# archery shops



## PA3-DArcher4 (Nov 5, 2008)

anyone with Mathews!


----------



## tylerolsen12 (Feb 8, 2007)

PA3-DArcher4 said:


> anyone with Mathews!


i hope your joking lol thats pretty bad if its a good shop just because it has mathews


----------



## Noah2016 (Feb 19, 2008)

anywere that carrys hoyts


----------



## huntfish25 (May 29, 2004)

i dont think it the shop it the person

i like macrotech IN MARYLAND len the owner. he know his stuff, if you have a problem he can tell you what it is. he not cheap but anybody good is not cheap. 

another one was K & l ARCHERY IN DE. BUT THEY ARE NO LONGER OPEN THE PERSON WAS KAREN SHE WAS GOOD ALSO


----------



## PA3-DArcher4 (Nov 5, 2008)

archerykid12 said:


> i hope your joking lol thats pretty bad if its a good shop just because it has mathews




why is that?


----------



## tylerolsen12 (Feb 8, 2007)

PA3-DArcher4 said:


> why is that?


its just pretty pathetic that your one thing that makes a proshop good is that they carry a certain brand of bow


----------



## PA3-DArcher4 (Nov 5, 2008)

archerykid12 said:


> its just pretty pathetic that your one thing that makes a proshop good is that they carry a certain brand of bow



apparently Me and Noah2016 would, he said if they carry Hoyts he would go to it, and I said if they have Mathews


----------



## PA3-DArcher4 (Nov 5, 2008)

Im just saying I would go in if they have Mathews, Im not saying it makes it good!


----------



## tylerolsen12 (Feb 8, 2007)

PA3-DArcher4 said:


> Im just saying I would go in if they have Mathews, Im not saying it makes it good!


ok i will just let it go


----------



## PA3-DArcher4 (Nov 5, 2008)

same here


----------



## hoytarchery999 (Nov 18, 2008)

the best archery shop ive ever been in is Lancaster Archery Supply i was just there thisafternoon when my dad go his new Reflex Charger for hunting and i got my new Hoyt Seven 37 three weeks ago thyre about an hour away from me but worth the drive they have everything you could possibly want and i mean anything


----------



## PA3-DArcher4 (Nov 5, 2008)

I'd like to go there sometime.


----------



## hoytarchery999 (Nov 18, 2008)

PA3-DArcher4 said:


> I'd like to go there sometime.


its worth the drive they have everything take your bow along and shoot inside their showroom like i did this morning


----------



## PA3-DArcher4 (Nov 5, 2008)

does it cost anything?


----------



## RecurveArcher99 (Mar 18, 2008)

Bukeys, in Duncan BC....Tyee marine is ight, but it only really suplys for compound huning


----------



## Xcreekarchery1 (Aug 7, 2007)

the lake oconee shooting club pro shop, it very pretty. another is custom archery center, its small but the people there are great.


----------



## bowboy0 (May 19, 2007)

Realy a big fan of Griswold Archery.
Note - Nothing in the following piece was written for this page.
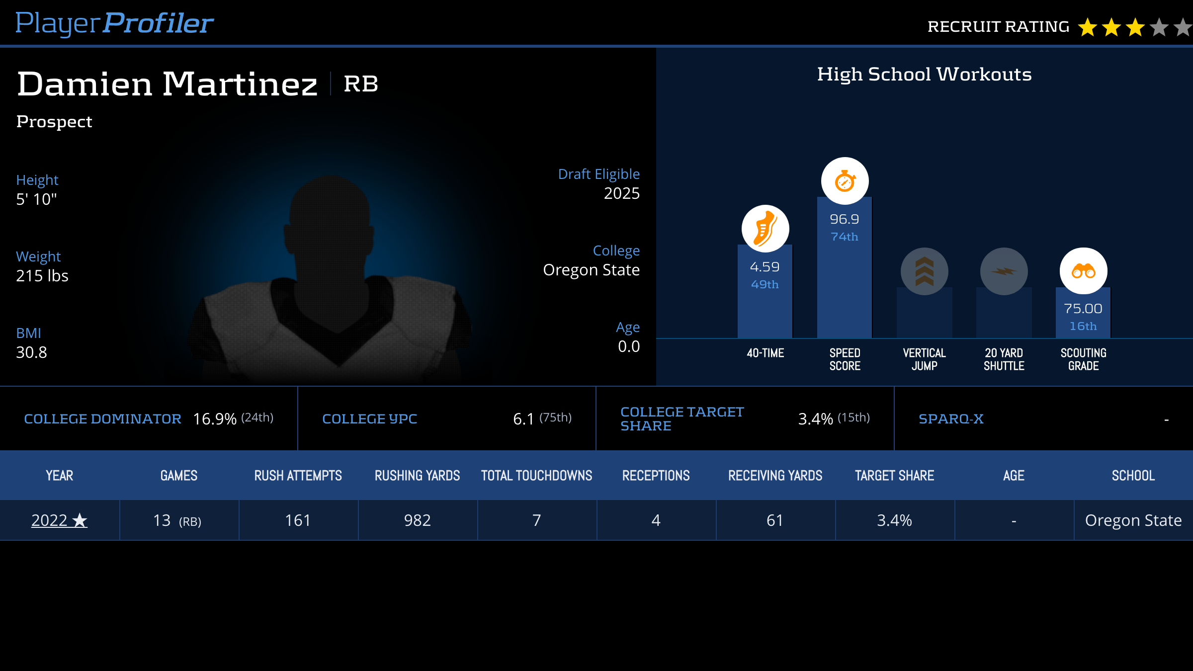 | Year Year | Games Games | Rush Attempts Rush Atts | Rushing Yards Rush Yrds | Total Touchdowns TDs | Receptions Rec | Receiving Yards Rec Yrds | Target Share Tgt Share | Age Age | School School |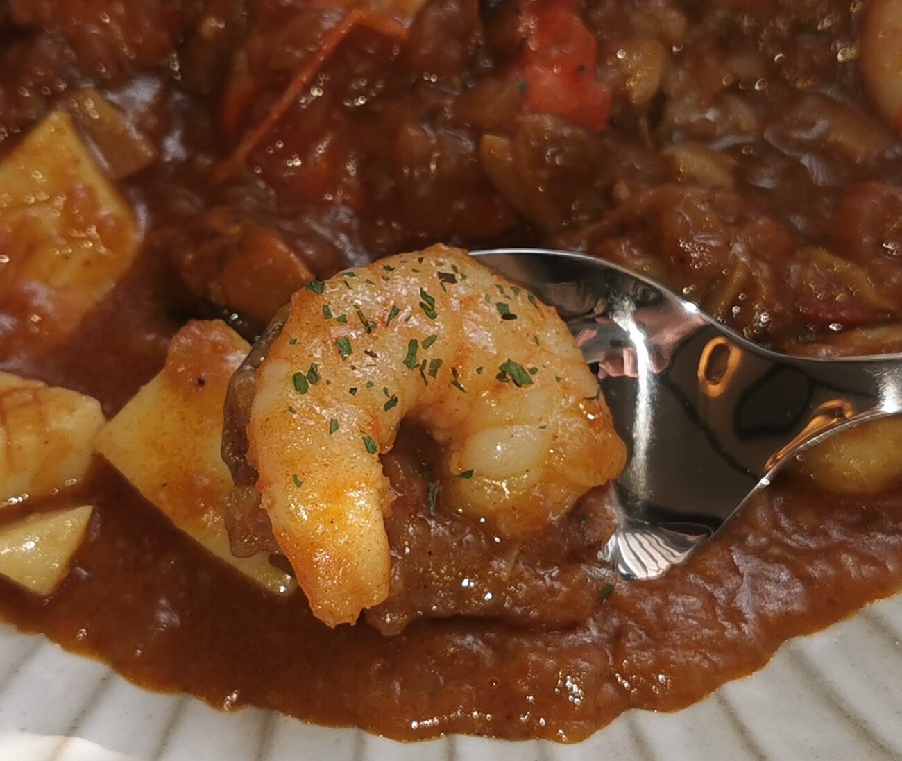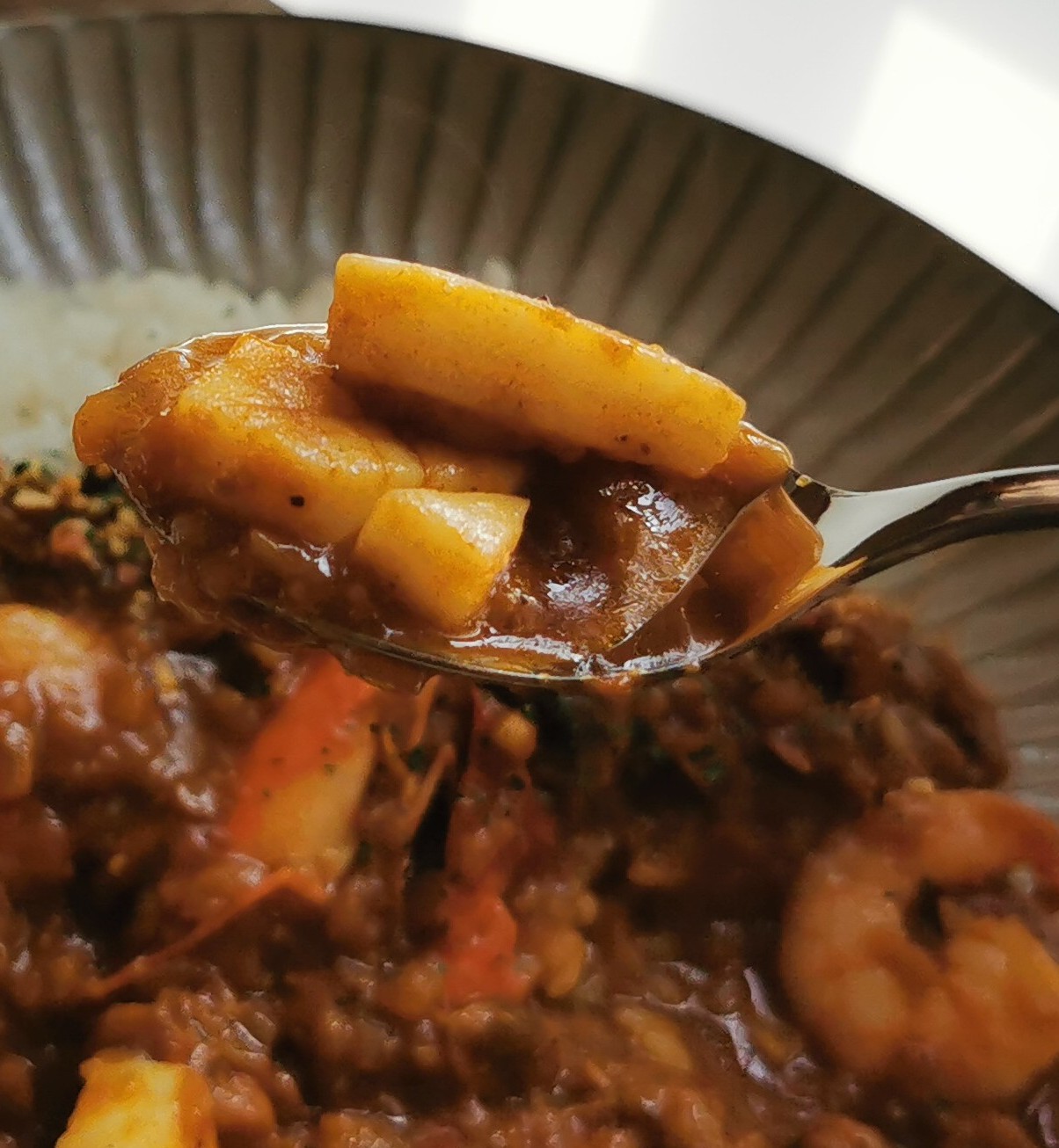 カレーはスパイスをふんだんに使ったスパイシー系なのかなと思いましたが、そこまで強いスパイス感はありませんでした。

I started shooting/working for him 1 and a half years ago and we have grown to be the best of friends. Once you get in there and get introduced it is as if we have known you for along time. We pride ourselves in our customer service and the qualitie of products we sell.

Jake


----------



## hoytarchery999 (Nov 18, 2008)

PA3-DArcher4 said:


> does it cost anything?


yea there is a cost but i forget what it is because when i shot yesterday morning they just said go ahead and shoot since my dad was buying a bow from them and i had too wait for them too set it up.


----------



## master hunter (Oct 9, 2007)

my dads and now that he is the archery manager at sportsmans ware house then sportsmans is the next best.


----------



## kaibab-hunter74 (Dec 11, 2006)

master hunter said:


> my dads and now that he is the archery manager at sportsmans ware house then sportsmans is the next best.


my experience with sportsmans warehouse has been horrible. they are not archery officials and will do anything to make a buck. i will never have my bow serviced by them again.


----------



## Walleye Joe (Nov 2, 2003)

I don't think there is a "bad" archery shop!


----------



## PA3-DArcher4 (Nov 5, 2008)

Walleye Joe said:


> I don't think there is a "bad" archery shop!


true!


----------



## CA_Rcher12 (Oct 28, 2004)

Performance Bowhunting here in San Diego. Real great guys.


----------



## master hunter (Oct 9, 2007)

kaibab-hunter74 said:


> my experience with sportsmans warehouse has been horrible. they are not archery officials and will do anything to make a buck. i will never have my bow serviced by them again.


that might be the case with the one in ur area. but with my dad there our sportsmans here in missoula is the #1 ranked archery department out of all of them.


----------



## jrmysell (Mar 13, 2008)

Panhandle Archery Outfitters in Amarillo Tx.


----------



## BigBuckStinger (Dec 9, 2007)

i carry a hoyt:teeth:


----------



## kaibab-hunter74 (Dec 11, 2006)

BigBuckStinger said:


> i carry a hoyt:teeth:


Good for you, do you want a cookie?


----------



## hardwoodhitman (Aug 30, 2007)

trail-n-arrow in west union, ohio. george and emma are the nicest people you will ever meet.


----------



## tylerolsen12 (Feb 8, 2007)

kaibab-hunter74 said:


> Good for you, do you want a cookie?


lol u said it not me


----------



## Mathewsju (Jan 19, 2008)

Naures Way Archery He's here on AT and has a website. Not a ton of inventory, but he can litterally order anything hunting/shooting related if you ask. Did I mention he's about 20-40% cheaper than anywhere else I've been to (Cabelas and other big retail stores and other archery shops).


----------



## Evinrude (May 31, 2007)

carters archery:rock:


----------



## HoytHunter09 (Dec 28, 2008)

Archery Adventures and Archery In The Wild or anyone that has friendly staff.:RockOn::jam:


----------